*** Opening of Data shown ***

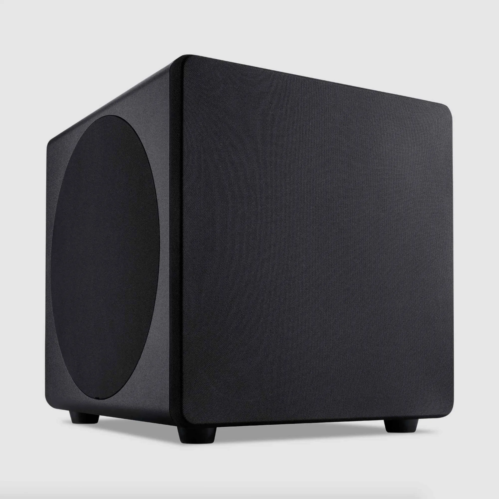 O design do aparelho apresenta uma configuração de três drivers de 8 polegadas, composta por um driver ativo de disparo frontal e dois radiadores passivos de disparo lateral. Ele é um sistema que aproveita o movimento do driver principal para pressurizar o ar dentro do gabinete e acionar os radiadores, resultando em uma resposta de graves muito mais robusta do que o tamanho do chassi sugere. Essa arquitetura permite que o subwoofer alcance frequências baixas com autoridade, mantendo uma pegada física reduzida.
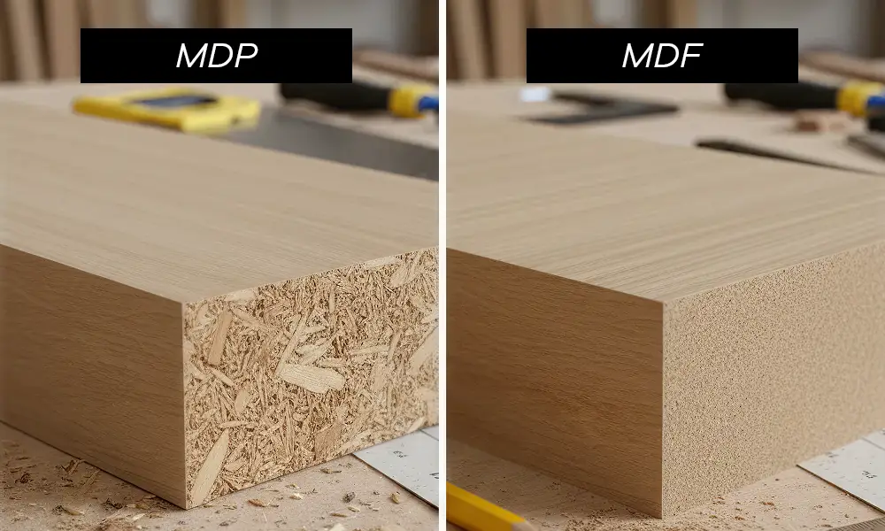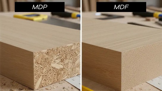 O MDP é mais comum em estruturas internas e módulos retos, oferecendo boa resistência mecânica e custo mais controlado. Quando bem especificado, funciona adequadamente em prateleiras, laterais e divisórias internas.
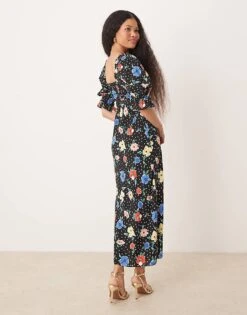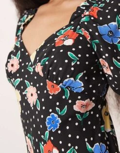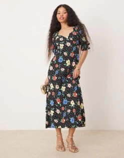 Miss Selfridge Petite Tie Shoulder Cowl Neck Slip Dress In Brown Large Floral Print For Women Multi
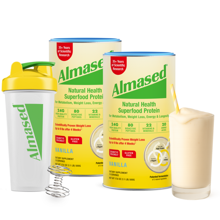 Additionally, Almased helps curb appetite, enhances mood and energy, and supports healthy balanced blood sugar and cholesterol levels, ultimately helping you improve overall health and wellness.
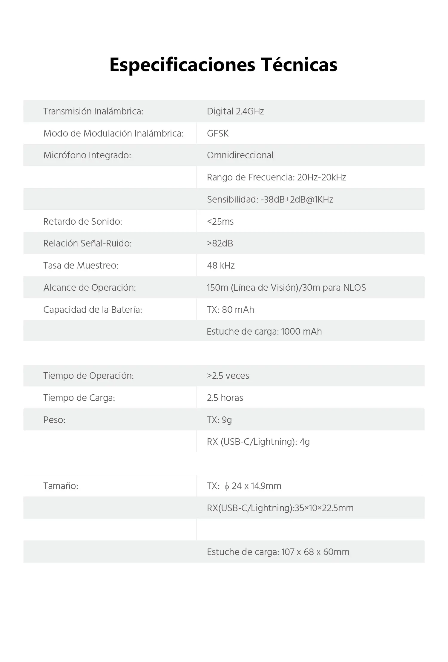 Con solo 9 g y 24 mm, el transmisor es extremadamente pequeño y fácil de llevar. Ideal para creadores de contenido, videógrafos, periodistas, podcasters y streamers que necesitan movilidad total sin sacrificar calidad.
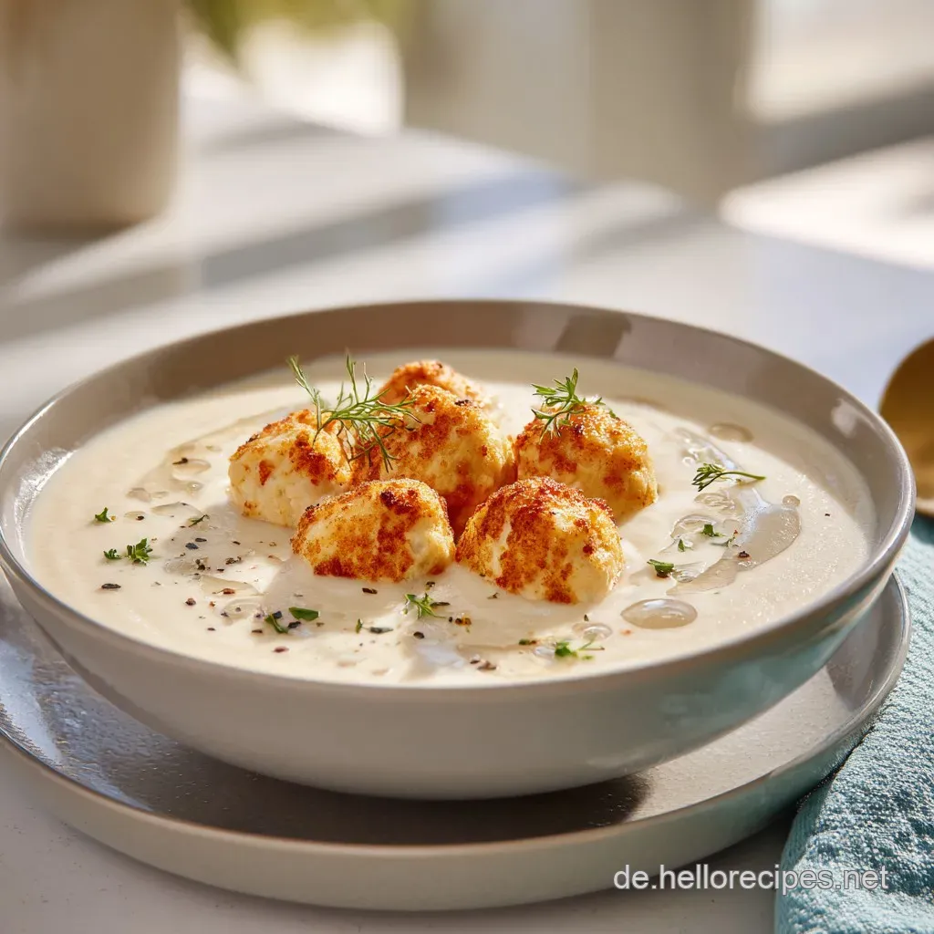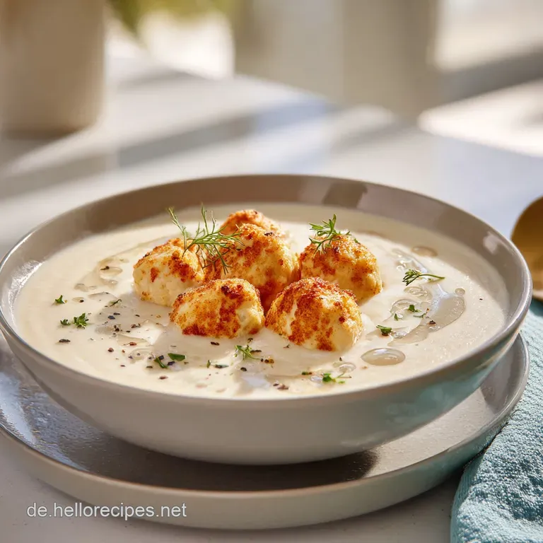 - Die würzige Käse Variante: Rührt am Ende 50 g geriebenen Cheddar oder Emmentaler unter die heiße Suppe. Der Käse schmilzt und gibt der Blumenkohlsuppe mit Hackbällchen eine cremige, fast fondue artige Note.

*** Close of Data shown ***

— How to complete this task —
Could you return all of the entries above exactly, without any images?

— Answer for this exercise —
 O design do aparelho apresenta uma configuração de três drivers de 8 polegadas, composta por um driver ativo de disparo frontal e dois radiadores passivos de disparo lateral. Ele é um sistema que aproveita o movimento do driver principal para pressurizar o ar dentro do gabinete e acionar os radiadores, resultando em uma resposta de graves muito mais robusta do que o tamanho do chassi sugere. Essa arquitetura permite que o subwoofer alcance frequências baixas com autoridade, mantendo uma pegada física reduzida.
 O MDP é mais comum em estruturas internas e módulos retos, oferecendo boa resistência mecânica e custo mais controlado. Quando bem especificado, funciona adequadamente em prateleiras, laterais e divisórias internas.
 Miss Selfridge Petite Tie Shoulder Cowl Neck Slip Dress In Brown Large Floral Print For Women Multi
 Additionally, Almased helps curb appetite, enhances mood and energy, and supports healthy balanced blood sugar and cholesterol levels, ultimately helping you improve overall health and wellness.
 Con solo 9 g y 24 mm, el transmisor es extremadamente pequeño y fácil de llevar. Ideal para creadores de contenido, videógrafos, periodistas, podcasters y streamers que necesitan movilidad total sin sacrificar calidad.
 - Die würzige Käse Variante: Rührt am Ende 50 g geriebenen Cheddar oder Emmentaler unter die heiße Suppe. Der Käse schmilzt und gibt der Blumenkohlsuppe mit Hackbällchen eine cremige, fast fondue artige Note.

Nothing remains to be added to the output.